- Given entries
+++

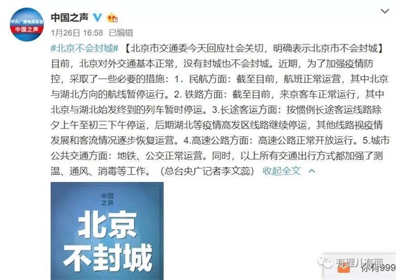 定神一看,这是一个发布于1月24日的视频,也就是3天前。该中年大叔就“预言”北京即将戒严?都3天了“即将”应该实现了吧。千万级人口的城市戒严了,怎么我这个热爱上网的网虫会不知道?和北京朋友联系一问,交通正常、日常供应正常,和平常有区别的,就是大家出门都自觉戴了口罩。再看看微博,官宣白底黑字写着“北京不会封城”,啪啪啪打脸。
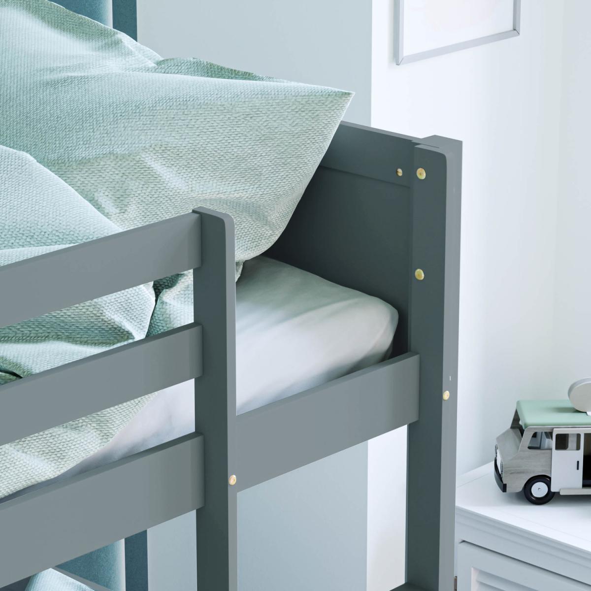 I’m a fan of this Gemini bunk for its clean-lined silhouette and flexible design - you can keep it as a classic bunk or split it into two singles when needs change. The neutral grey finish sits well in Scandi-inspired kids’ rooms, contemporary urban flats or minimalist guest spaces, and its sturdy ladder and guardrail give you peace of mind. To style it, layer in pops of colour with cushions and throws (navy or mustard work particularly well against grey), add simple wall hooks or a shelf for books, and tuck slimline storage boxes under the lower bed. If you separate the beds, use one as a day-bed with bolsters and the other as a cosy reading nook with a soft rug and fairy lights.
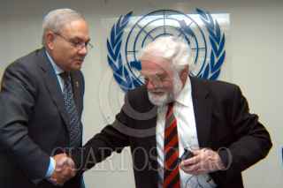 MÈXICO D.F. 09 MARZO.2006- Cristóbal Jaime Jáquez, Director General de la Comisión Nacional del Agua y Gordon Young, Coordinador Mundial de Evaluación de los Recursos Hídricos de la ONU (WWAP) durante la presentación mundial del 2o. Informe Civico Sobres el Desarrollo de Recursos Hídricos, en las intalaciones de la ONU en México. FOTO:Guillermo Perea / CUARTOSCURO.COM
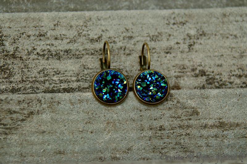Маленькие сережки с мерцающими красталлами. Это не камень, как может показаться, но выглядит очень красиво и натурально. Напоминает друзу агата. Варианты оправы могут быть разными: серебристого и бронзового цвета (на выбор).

+++

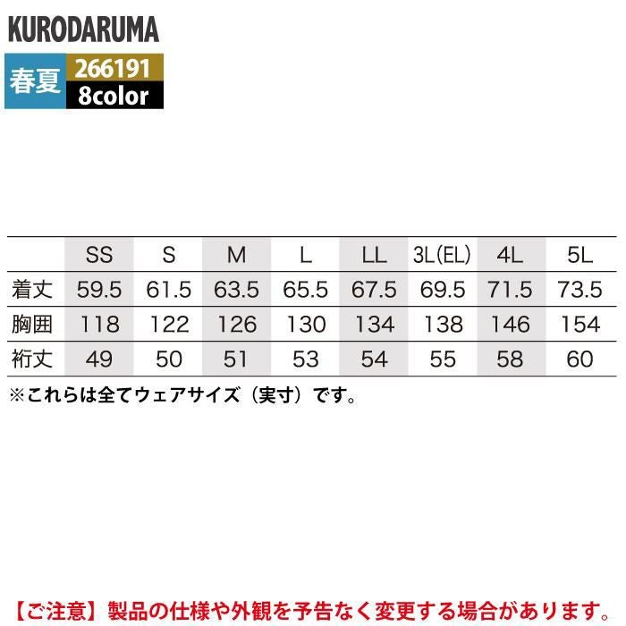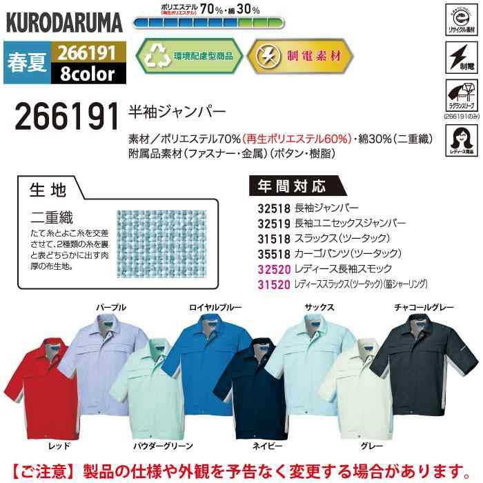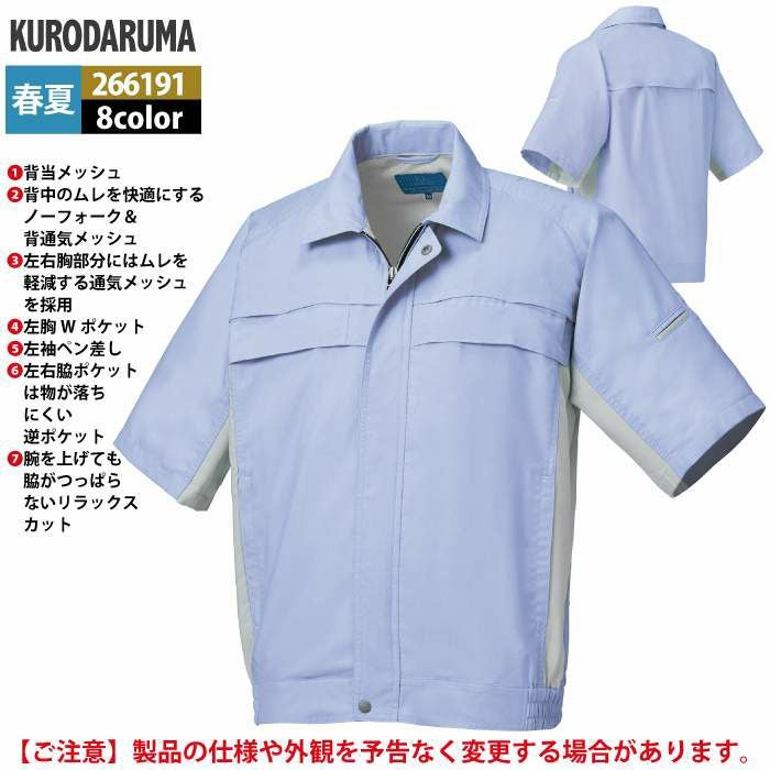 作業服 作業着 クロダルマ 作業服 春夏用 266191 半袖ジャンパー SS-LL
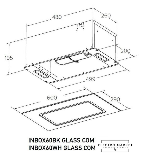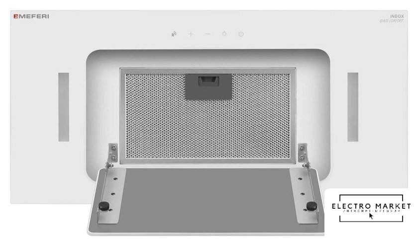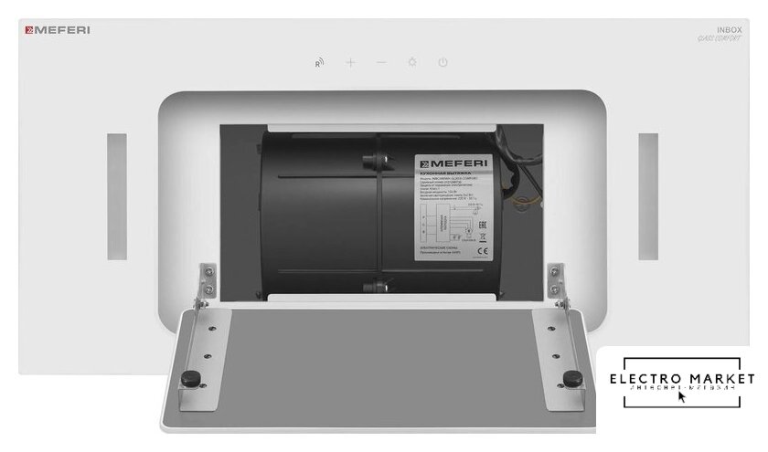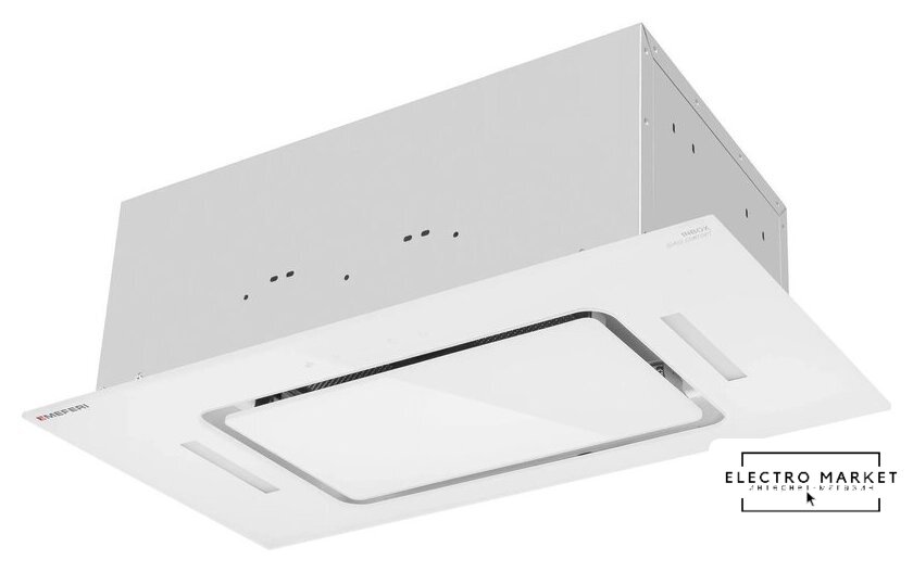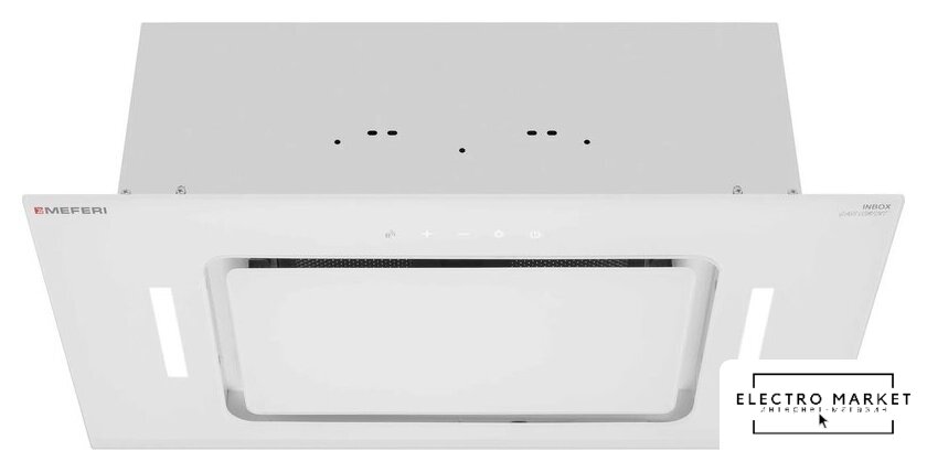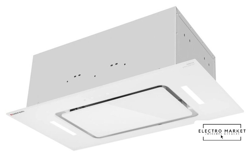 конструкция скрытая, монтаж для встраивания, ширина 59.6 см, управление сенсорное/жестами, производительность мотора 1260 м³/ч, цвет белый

+++

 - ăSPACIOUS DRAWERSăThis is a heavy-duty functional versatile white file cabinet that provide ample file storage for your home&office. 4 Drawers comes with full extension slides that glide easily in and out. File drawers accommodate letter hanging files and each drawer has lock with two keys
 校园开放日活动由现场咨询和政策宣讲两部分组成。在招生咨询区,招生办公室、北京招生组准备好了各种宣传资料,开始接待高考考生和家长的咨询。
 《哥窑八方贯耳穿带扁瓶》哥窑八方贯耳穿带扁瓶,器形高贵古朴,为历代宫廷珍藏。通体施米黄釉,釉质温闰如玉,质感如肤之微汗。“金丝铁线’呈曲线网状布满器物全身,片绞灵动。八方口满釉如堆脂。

+++

Above are entries with pictures among them. Write out exactly the lines from the one containing "定神一看,这是一个发布于1月" through the one containing "Маленькие сережки с", ends included, and leave those pictures out.

 定神一看,这是一个发布于1月24日的视频,也就是3天前。该中年大叔就“预言”北京即将戒严?都3天了“即将”应该实现了吧。千万级人口的城市戒严了,怎么我这个热爱上网的网虫会不知道?和北京朋友联系一问,交通正常、日常供应正常,和平常有区别的,就是大家出门都自觉戴了口罩。再看看微博,官宣白底黑字写着“北京不会封城”,啪啪啪打脸。
 I’m a fan of this Gemini bunk for its clean-lined silhouette and flexible design - you can keep it as a classic bunk or split it into two singles when needs change. The neutral grey finish sits well in Scandi-inspired kids’ rooms, contemporary urban flats or minimalist guest spaces, and its sturdy ladder and guardrail give you peace of mind. To style it, layer in pops of colour with cushions and throws (navy or mustard work particularly well against grey), add simple wall hooks or a shelf for books, and tuck slimline storage boxes under the lower bed. If you separate the beds, use one as a day-bed with bolsters and the other as a cosy reading nook with a soft rug and fairy lights.
 MÈXICO D.F. 09 MARZO.2006- Cristóbal Jaime Jáquez, Director General de la Comisión Nacional del Agua y Gordon Young, Coordinador Mundial de Evaluación de los Recursos Hídricos de la ONU (WWAP) durante la presentación mundial del 2o. Informe Civico Sobres el Desarrollo de Recursos Hídricos, en las intalaciones de la ONU en México. FOTO:Guillermo Perea / CUARTOSCURO.COM
Маленькие сережки с мерцающими красталлами. Это не камень, как может показаться, но выглядит очень красиво и натурально. Напоминает друзу агата. Варианты оправы могут быть разными: серебристого и бронзового цвета (на выбор).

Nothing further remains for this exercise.